While the authenticated D-H exchange is a fairly generic secure protocol scheme, the additional feature proposed here fits a narrower usage pattern. Specifically, our proposal assumes a sufficient motivation for an entity to apply differentiated protection (typically requiring human intervention) for its authentication private key used in the second round of messages in the D-H exchange (the private key used for the digital signature). This might be the case whenever the entity authentication security is perceived as a long term asset, but the burden of differentiated protection is usually too important whenever the frequency of D-H exchange occurrences is anything but very low (e.g. nearly as infrequent as a production server reboot event). The equivalency of differentiated protection with an on-line HSM arrangement is out of scope.

The concrete usage scenario is server to server secure channels established for an indeterminate duration. The threat model is a higher risk of server attack during normal operations than during a server reboot (e.g. prior to enabling the whole set of server applications). Then, the entity authentication private key is made available to the server by human intervention only during the server reboot phase when the risk exposure is reduced (or at other times when system state monitoring is deemed effective in mitigating risks). The difficulty addressed by our proposal is that server reboots at both ends may not be always coordinated.

In here, we qualify the digital signature private key used in the second round-trip of messages (the entity authentication private key) as an off-line private key and we introduce protocol provisions for mitigating the usability impact. In essence, a temporary digital signature key pair is set up whenever the entity authentication private key is used. The temporary public signature key is sent to the remote party in the modified authenticated D-H exchange and serves as an authentication basis (i.e. authenticating the local entity to the remote-relying party) whenever the remote party has to reboot and the local party happens to still hold the temporary private counterpart. The proposal is symmetrical for the temporary keys setup, but not for reboot. A two-way D-H exchange based on the temporary signature keys is neither required by the usage scenario nor advisable from a security perspective. Thus, as an authenticated entity, a local party sets up a temporary key pair to allow the remote-relying party to restart the D-H exchange without inducing a local requirement for the off-line signature private key. Converseley, as a local-relying party having authenticated the remote entity once with its long-term public key, the scheme offers an opportunity to restart the D-H exchange with little impact for the remote party (in spite of its duty to authenticate).

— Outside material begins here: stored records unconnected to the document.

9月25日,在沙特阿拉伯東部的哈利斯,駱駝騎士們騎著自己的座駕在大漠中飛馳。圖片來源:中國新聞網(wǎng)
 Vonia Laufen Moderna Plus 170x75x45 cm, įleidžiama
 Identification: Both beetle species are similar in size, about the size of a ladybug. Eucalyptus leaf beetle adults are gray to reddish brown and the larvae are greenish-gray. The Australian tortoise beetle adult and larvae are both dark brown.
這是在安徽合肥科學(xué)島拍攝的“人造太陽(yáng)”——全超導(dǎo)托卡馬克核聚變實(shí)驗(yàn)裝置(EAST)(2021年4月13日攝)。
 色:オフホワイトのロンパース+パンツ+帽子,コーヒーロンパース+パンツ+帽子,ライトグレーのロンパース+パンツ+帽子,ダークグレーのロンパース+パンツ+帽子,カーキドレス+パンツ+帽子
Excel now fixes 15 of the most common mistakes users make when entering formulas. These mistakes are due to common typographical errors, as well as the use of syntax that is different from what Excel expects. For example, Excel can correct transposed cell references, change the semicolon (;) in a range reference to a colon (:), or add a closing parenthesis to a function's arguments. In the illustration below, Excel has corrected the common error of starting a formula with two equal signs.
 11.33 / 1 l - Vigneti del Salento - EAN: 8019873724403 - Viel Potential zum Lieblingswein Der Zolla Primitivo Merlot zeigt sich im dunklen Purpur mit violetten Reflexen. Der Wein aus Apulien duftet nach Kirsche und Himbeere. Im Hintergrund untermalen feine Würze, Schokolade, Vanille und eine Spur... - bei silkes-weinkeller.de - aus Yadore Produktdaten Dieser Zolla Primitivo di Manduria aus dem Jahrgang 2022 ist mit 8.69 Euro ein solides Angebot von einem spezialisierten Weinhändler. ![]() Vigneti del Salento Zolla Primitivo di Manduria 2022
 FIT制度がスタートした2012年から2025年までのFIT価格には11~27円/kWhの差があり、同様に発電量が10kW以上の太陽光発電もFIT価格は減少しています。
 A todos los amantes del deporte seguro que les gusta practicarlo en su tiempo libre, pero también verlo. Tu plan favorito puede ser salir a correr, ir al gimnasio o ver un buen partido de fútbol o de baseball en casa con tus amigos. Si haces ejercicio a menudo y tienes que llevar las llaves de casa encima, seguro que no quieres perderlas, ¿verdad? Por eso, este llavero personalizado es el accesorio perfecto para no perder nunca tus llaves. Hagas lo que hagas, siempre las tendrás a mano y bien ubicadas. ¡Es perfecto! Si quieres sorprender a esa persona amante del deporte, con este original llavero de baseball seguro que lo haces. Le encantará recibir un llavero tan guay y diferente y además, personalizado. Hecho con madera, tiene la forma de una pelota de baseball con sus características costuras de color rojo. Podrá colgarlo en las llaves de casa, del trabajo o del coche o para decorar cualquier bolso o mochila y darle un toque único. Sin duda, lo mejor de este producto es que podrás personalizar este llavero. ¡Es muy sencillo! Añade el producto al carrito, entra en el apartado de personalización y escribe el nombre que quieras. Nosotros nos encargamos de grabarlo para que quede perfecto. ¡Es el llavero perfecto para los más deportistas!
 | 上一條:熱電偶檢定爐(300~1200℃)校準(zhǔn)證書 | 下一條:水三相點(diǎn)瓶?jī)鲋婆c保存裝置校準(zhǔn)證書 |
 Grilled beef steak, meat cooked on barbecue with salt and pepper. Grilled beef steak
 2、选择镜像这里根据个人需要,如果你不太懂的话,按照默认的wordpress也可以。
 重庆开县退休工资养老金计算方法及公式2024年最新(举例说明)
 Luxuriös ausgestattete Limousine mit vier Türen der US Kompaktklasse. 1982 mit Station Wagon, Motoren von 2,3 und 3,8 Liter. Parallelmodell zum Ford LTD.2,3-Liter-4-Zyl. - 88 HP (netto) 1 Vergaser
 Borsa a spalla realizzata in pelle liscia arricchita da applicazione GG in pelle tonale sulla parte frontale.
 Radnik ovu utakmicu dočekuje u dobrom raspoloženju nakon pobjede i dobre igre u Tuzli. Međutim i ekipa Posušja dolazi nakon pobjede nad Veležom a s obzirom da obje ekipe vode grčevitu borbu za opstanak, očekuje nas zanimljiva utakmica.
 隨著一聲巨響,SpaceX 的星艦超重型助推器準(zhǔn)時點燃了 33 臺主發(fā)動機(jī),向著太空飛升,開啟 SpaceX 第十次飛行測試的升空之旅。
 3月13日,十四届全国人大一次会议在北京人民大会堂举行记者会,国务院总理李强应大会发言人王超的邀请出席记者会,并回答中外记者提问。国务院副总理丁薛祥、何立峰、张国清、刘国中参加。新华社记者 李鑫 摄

Here is the explanation for the insecurity of symmetrical reliance on the temporary signature key. An offer to the remote party to authenticate oneself with a temporary signature key could originate from a clone run by a successful hacker of the legitimate system, which is less probable with authentication based on the off-line entity authentication key. This attack would be impossible to detect through the regular protocol features. Its mitigation with periodic temporary key replacement would defeat the very purpose of temporary keys. Note that temporary key replacement is possible and useful whenever a local security breach is suspected.

Thus we propose an arrangement where the human direct control of a secret data element makes the overall security more effective (factoring the relative risks of data breach from storage inside or outside a computer system), and where the security related human involvement is coherent (or so we claim). While this proposal finds a justification in a specific use case for the authenticated D-H exchange, it nonetheless illustrates a gap reduction between academic and applied cryptography through a deliberate security scheme design pattern: attention paid to the mating point between automated security mechanisms and human intervention. This appears infrequent in the literature. It is present for the control of digital signatures in a corporate environment ([27], [28]) and encryption key management for laptop computer mass storage devices ([29], [30]).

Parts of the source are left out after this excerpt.